If I switch off the system protection option, it boots fine.

The only thing which springs to mind is that I think this problem started
happening a couple of days ago, after I used System Restore to restore the
system to a previous point.

Thanks,
A.
 
R

Rick Rogers

Hi,

You might want to try disabling and restarting System Restore. You will lose
all existing points when you do it, but the issue may be caused by a
corruption of the index and the only way to remove it will be to rebuild it.

--
Best of Luck,

Rick Rogers, aka "Nutcase" - Microsoft MVP

Windows help - www.rickrogers.org
My thoughts http://rick-mvp.blogspot.com
 
A

Adam

Yes, I did reboot.

If I disable the system restore points (eg, uncheck the drive so no restore
points are created), the system boots fine (in about 20 seconds). If I
check the drive, and create a restore point, the system takes about 5
minutes to boot, and I see the volsnap event ID 25 (as below) in my system
event log.

Regards,
A.
 
A

Adam

Thanks - I'll give that a try, although I'm a little scared of deleting
it! - Will it effect anything else? Could you point me at a MS KB article
about this?

I've got a second drive in the machine, would it help if I simple selected
this disk as the location of the system restore files instead? - It's
something I was going to try last night, but didn't get time to in the end.
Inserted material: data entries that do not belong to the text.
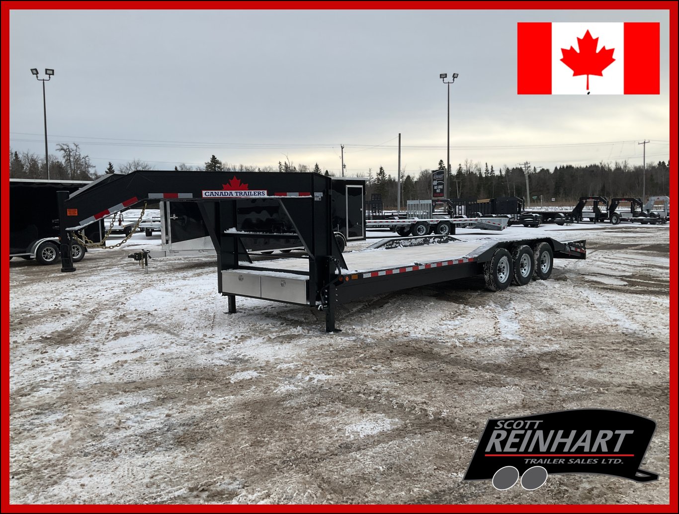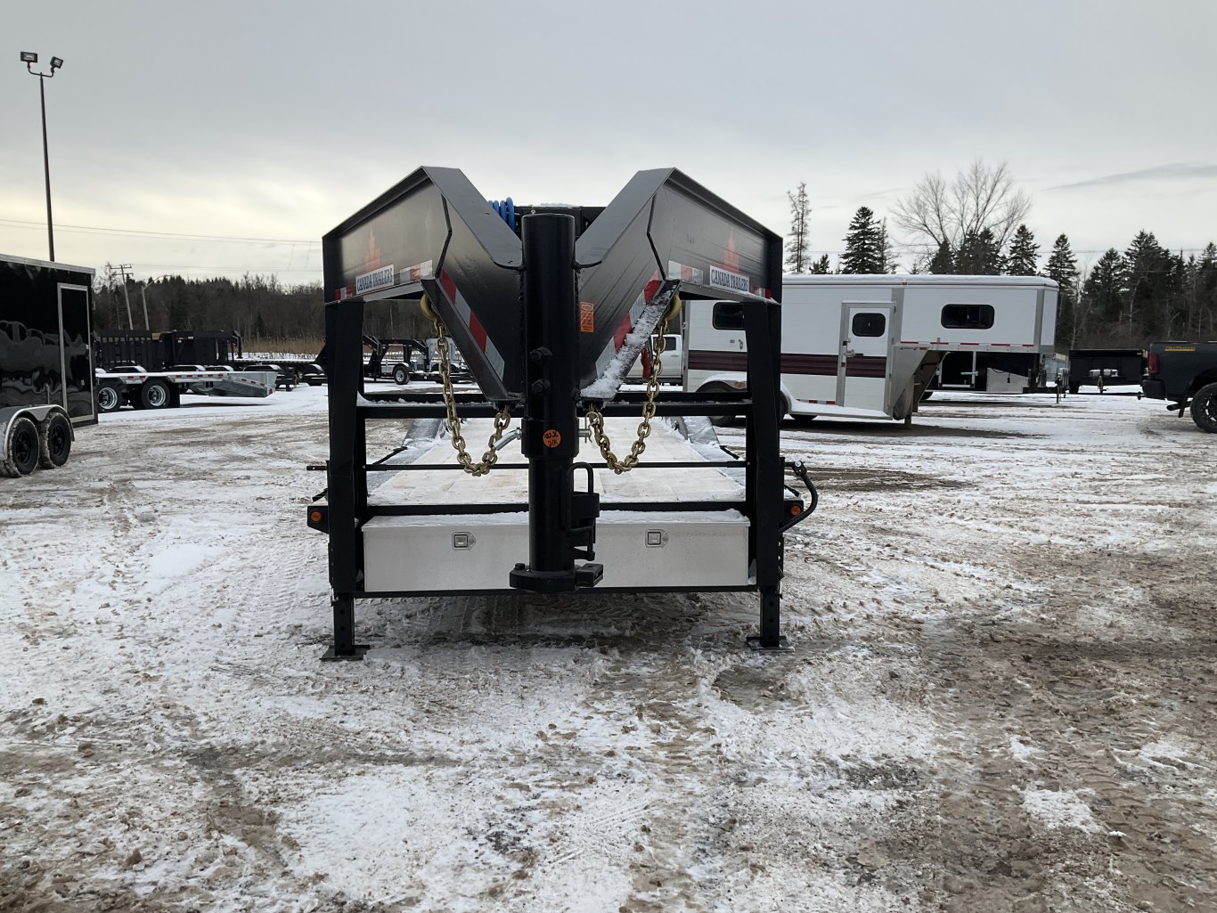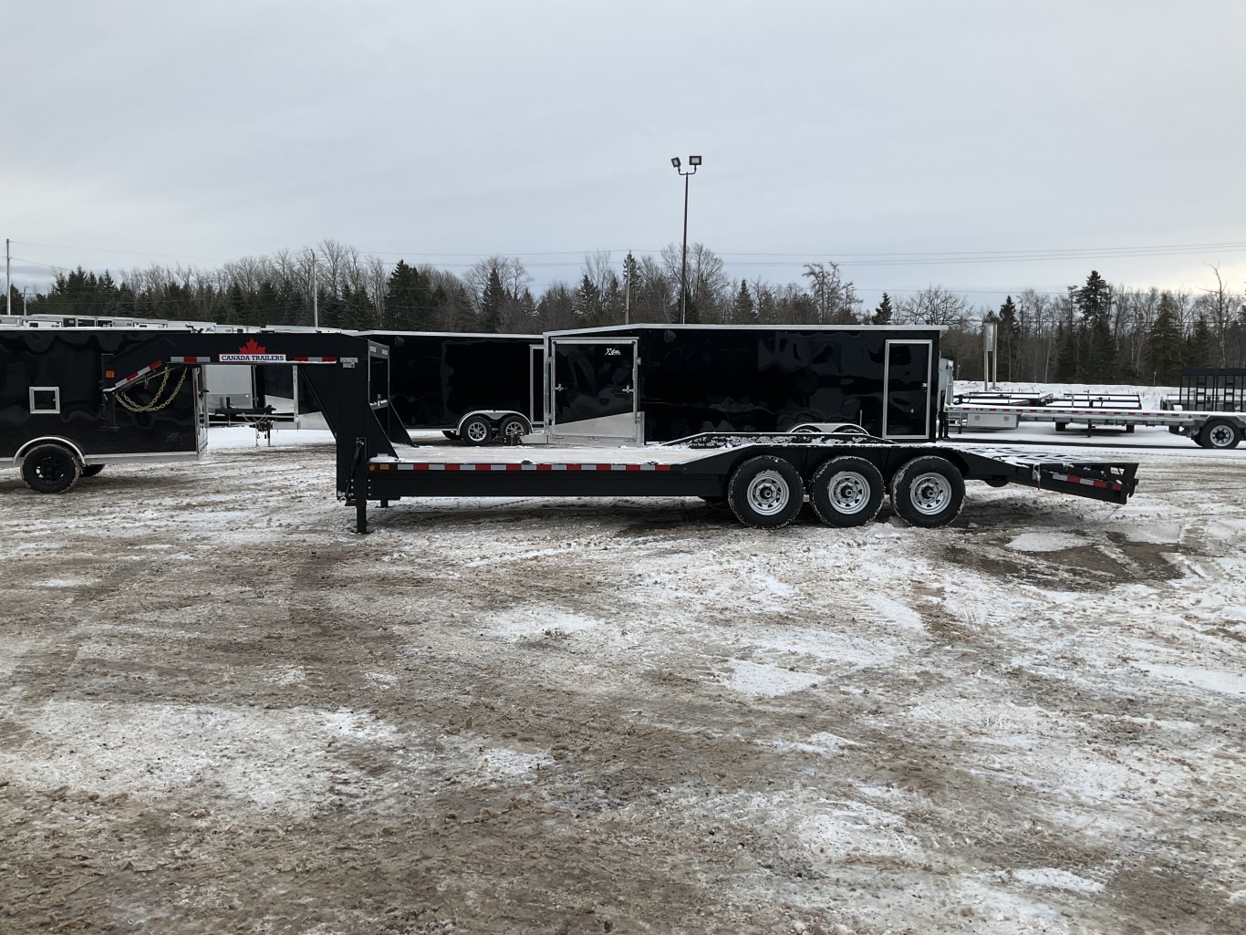 22,680LB GVWR, 3 7000LB Axles with Easy Lube Spindles and Slipper Spring Suspension, 16 Electric Brakes on All Axles, 16" Radial Tires, HD Drive Over Fenders, 102x36 Treated Plank Deck, Stake Pockets and Rub Rail, 4' Dove Tail with Mini Mega Ramps, Raised Winch Plate Between Risers, Adjustable 2-5/16 Coupler, Double 10,000LB Landing Gear, Sealed Wiring Harness, Sealed LED Rubber Mount Lighting, Black Powder Coat Painted with Scorpion Stone Guard |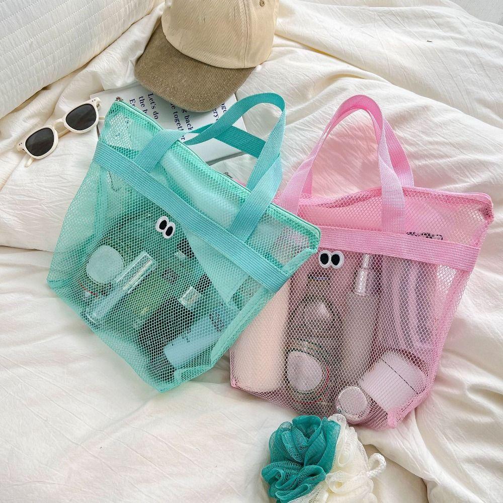 Portable Large Capacity Mesh Wash Bag Cute Foldable Cosmetic Bag Breathable Beach Handbags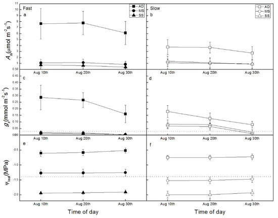 Changes of net photosynthesis (AN) (a,b), stomatal conductance (gs) (c,d) and leaf water potential (ψleaf) (e,f) for fast (filled symbol) and slow genotypes (empty symbol) (I-101 (Populus alba L.) × 84K (Populus alba L. × Populus glandulosa Uyeki)) during August treatment (square for AD plants, circle for MS plants and triangle for SS plants, which represent control plants, moderately water-stressed plants and severely water-stressed plants, respectively). The AN and gs data are means ± SE from four to six fully exposed leaves; ψleaf data are means ± SE of three leaves per treatment.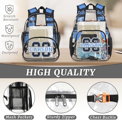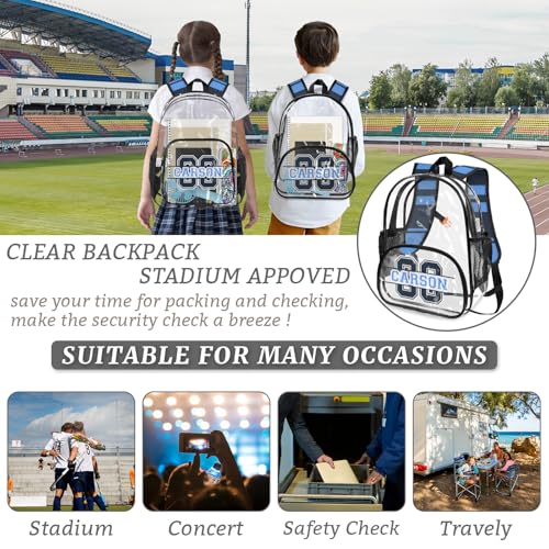 HOT ! Personalized Clear Backpack with Name, Custom Heavy Duty PVC Transparent Backpack,Sports Number See Through Back Pack with Reinforced Strap for Stadium Approved Events Blue

(Sorry to sound so suspision!)

Thanks,
A.
 
A

Adam

Nope, no joy. I've just tried that. I'm still getting the very long boot
time, and volspan error in the event log, unless I switch system restore
off.

I've also tried using the second drive as the location for the restore
points, but get the same problem.

A.
 
A

Adam

Okay, I *think* I've found the problem.

I've been playing with it this evening, and in the end started looking at
vssadmin to see how much space the restore point was using.

What I noticed, was that when I enabled restore points, and then created a
restore point, although the system would buzz away for a few minutes while
telling me to wait, once the Ok prompt appeared, if I looked at the shadow
storage via vssadmin, it would still keep getting bigger and bigger...
indicating that the restore point was still being created.

After about 10 minutes or so the size of the shadow storage would stabilize
(confirmed by vssadmin), and looking in Resource Monitor showed less disk
activity. If I wait until then before rebooting the system, I don't get the
volsnap error in the event log, the system boots quickly, and my restore
point is still available.

So - I'm not sure what's going on, but it would appear if you shut the
system down while, in the background, it's doing something with the shadow
storage, something somewhere goes awry on the next boot. It'll be
interesting to see if this problem occurs during everyday usage (not that I
tend to reboot my PC that often, I tend to use S3 mode).

Thanks for the input.

A.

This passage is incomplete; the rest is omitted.